::: Given information

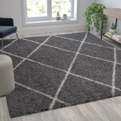 Emma And Oliver 8′ X 10′ Dark Gray And Ivory Geometric Style Modern Bohemian Design Area Rug
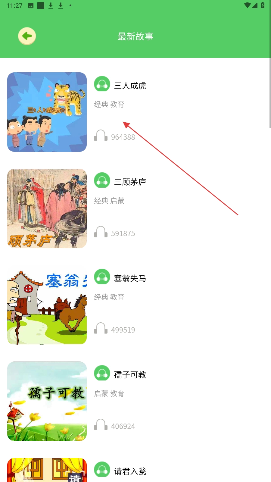 在最新故事页面,找到并点击【三人成虎】的故事卡片,即可进入该故事的播放页面。
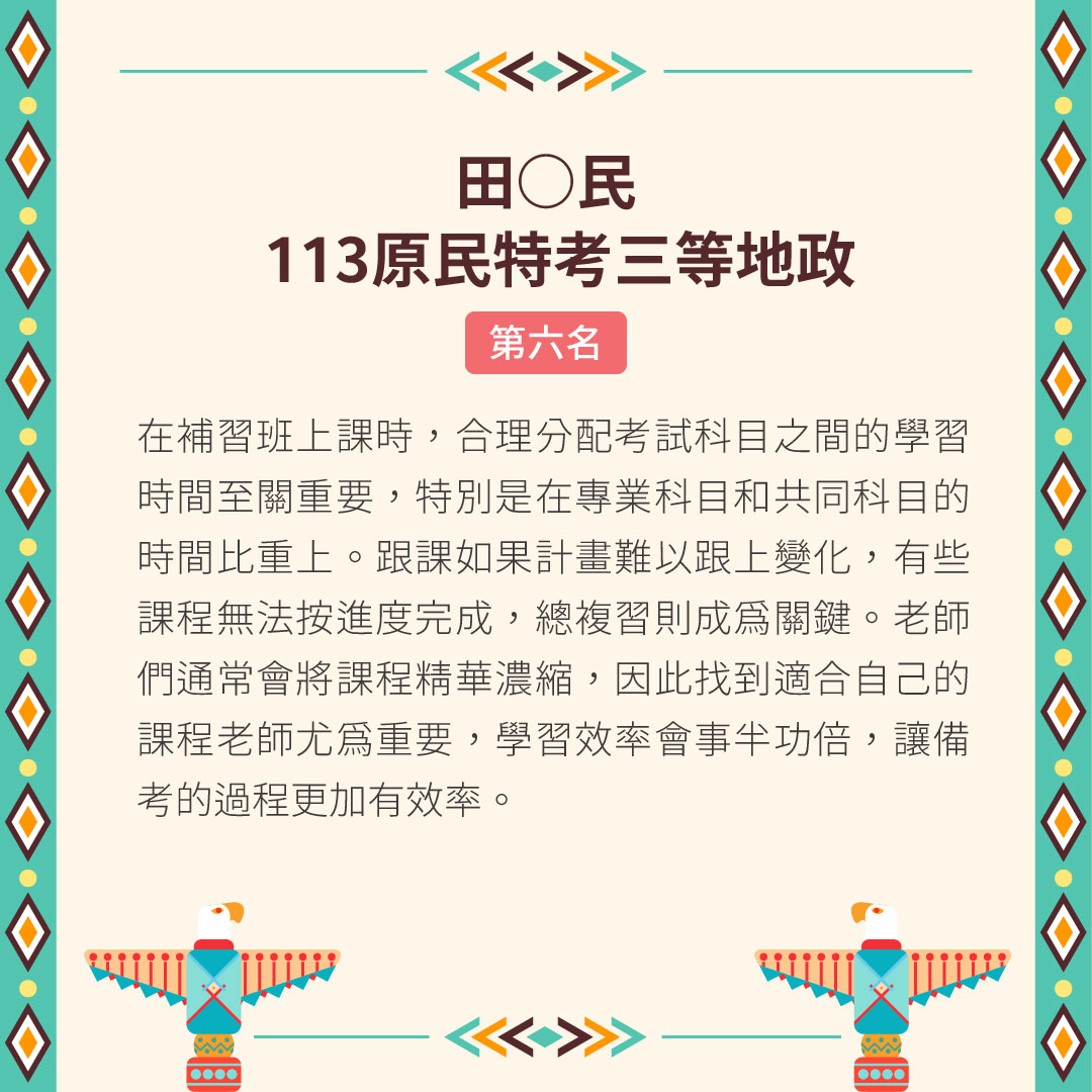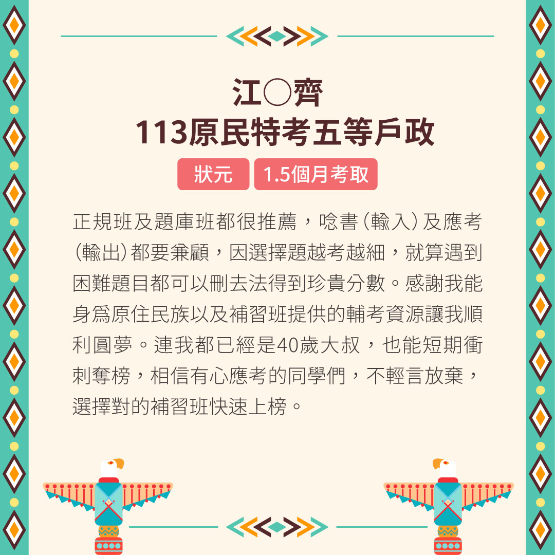 | 考試介紹 原住民特考為保障原住民族的就業權益並促進其參與公共事務,政府特別設置原住民族特別考試,提供其進入公職體系的機會。 |

::::::

Without the pictures, give every line of the data again, exactly as written.

 Emma And Oliver 8′ X 10′ Dark Gray And Ivory Geometric Style Modern Bohemian Design Area Rug
 在最新故事页面,找到并点击【三人成虎】的故事卡片,即可进入该故事的播放页面。
 | 考試介紹 原住民特考為保障原住民族的就業權益並促進其參與公共事務,政府特別設置原住民族特別考試,提供其進入公職體系的機會。 |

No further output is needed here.